Can'tGiveUp Posted October 13, 2006 Posted October 13, 2006 I am taking the blame, just not all of it. Like it or not. My situation is not going to change anytime soon. I will deal with his W if that time ever comes. I will have no choice. But i know that she won't just blame me for this A, he is very much involved as well. I agree with you, but that still isn't going to make me change my mind. I love him, he loves me, and it's possible we may be together some day. Life sucks sometimes, and some realize the man they married isn't the man they thought he was. Yes, i accepted his offer and fell in love. He and I are both to blame, but i refuse to take it all. I didn't rape him tonight!! He was very much a willing party. Enough said, because i'm not going to get into a p*ssing match that will lead nowhere. You will not receive anymore insight from me, and i will receive none from you. My mind is made up, and i'm going to stay right where i am until i've had enough, which may be never. Just in case you need to hear it...bravo and good luck! BTW - that is support...she didn't ask for any advice...I didn't offer any.

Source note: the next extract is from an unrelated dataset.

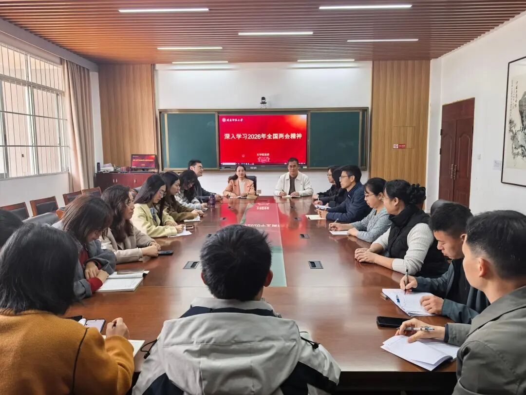 会议认真传达学习全国两会精神,紧密结合学院实际,对 2026 年春季学期重点工作进行具体部署与目标展望,统筹推进教学科研、人才培养、管理服务等各项任务,确保新学期工作安全、平稳、有序开展。

stillhere Posted October 13, 2006 Posted October 13, 2006 Just in case you need to hear it...bravo and good luck! BTW - that is support...she didn't ask for any advice...I didn't offer any. Thank you!! There used to be some pretty amazing women on here that offered some very useful support, but they got kicked off because they felt the need to defend themselves. I could care less what these BS think of me. I'm not the one with their H. Deal with him and his OW, because i'm not listening!!! I know it's a selfish and at times, childish, way to deal with things, but i'm a big girl and i can take care of myself. I'm going to do what i want, when i want, and some crazed lunatic with nothing better to do than throw out random and insulting remarks at me, will not make me change my mind and stop doing what i'm doing. Maybe the BS's out there who want to make their M's work, should be spending quality time with their H, and not sitting on the computer attacking every OW that wanders across their path. If they put as much effort into their H, as they do hatred towards complete strangers, maybe they would be much happier in their own lives.

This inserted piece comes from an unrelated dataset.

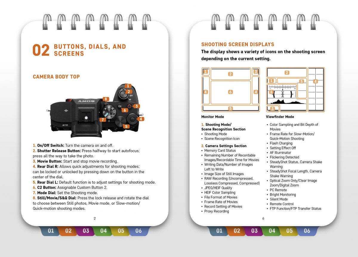 The guide begins with labeled images on the camera from all angles, identifying the physical controls found on the body and then identifies the data that can be viewed on the displays in various modes. The latter is quite helpful since some data is quite cryptic to the novice Sony shooter.

GreenEyedLady Posted October 13, 2006 Posted October 13, 2006 Just in case you need to hear it...bravo and good luck! BTW - that is support...she didn't ask for any advice...I didn't offer any. That is what we are here for...support...not us vs. them...or vice versa... BTW SH: sounds like you had a good night...
stillhere Posted October 13, 2006 Posted October 13, 2006 That is what we are here for...support...not us vs. them...or vice versa... BTW SH: sounds like you had a good night... I sure did!!!
stillhere Posted October 13, 2006 Posted October 13, 2006 Oh, and speaking of support............BUNSET, if you are reading this, PM me. LNF told me that you are having a hard time and i can't get into our other site for some reason. I'm here for you girl!!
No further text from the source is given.